31 de março de 2013 2 comentários Artigo Textos Leila Dumaresq

De ontem para hoje a assessoria de imprensa da banda Calypso afirmou em nota que a tal “revista de circulação nacional” (sic) distorceu as palavras da Joelma. Qual foi a distorção? Joelma teria apenas relatado que gays da sua igreja, procurando mudar sua orientação sexual sentem-se como drogados em recuperação.

Como de costume repenso meus argumentos diante de informações novas. Desta vez não preciso retificar nada. O fato dos homoafetivos que aderiram à mesma fé da cantora sentirem-se errados e viciados apenas mostra que minhas considerações sobre a opinião em questão estão corretas. Além disso, já disse que as opiniões da Joelma são problema dela e dos membros de sua comunidade religiosa.

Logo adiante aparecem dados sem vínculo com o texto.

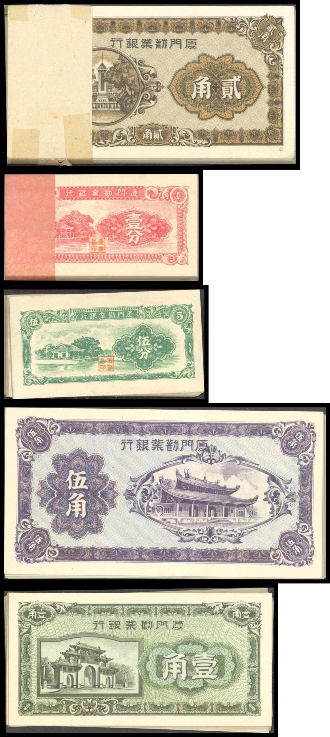Amoy Industrial Bank, 1 fen, 5 fen, 10 cents, 20 cents and 50 cents, all consecutive run of 100, ND, 1 fen and 5 fen no serial number, others serial number on reverse,

Portanto, continuo denunciando o autoritarismo da pessoa que deseja refutar um direito civil utilizando uma opinião baseada em fé pessoal. Também denuncio a irresponsabilidade de quem apresenta como única uma alternativa dolorosa e patologizante quando há pessoas vivendo de modo saudável e feliz a mesma condição.


Joelma comparou os homossexuais com drogados, disse que eles precisavam de “recuperação” e por fim afirmou que tais afirmações não foram uma ofensa. Ela pensa que bissexuais, lésbicas e gays têm uma sexualidade doente, ou como ela fez-se entender, viciada. Isto indica que para ela o sofrimento das pessoas não-heterossexuais provém de sua própria afetividade. Claro, ela está enganada: Todas as afetividades são tão saudáveis quanto a que Joelma pratica, sem ser questionada, porque ela é heterossexual.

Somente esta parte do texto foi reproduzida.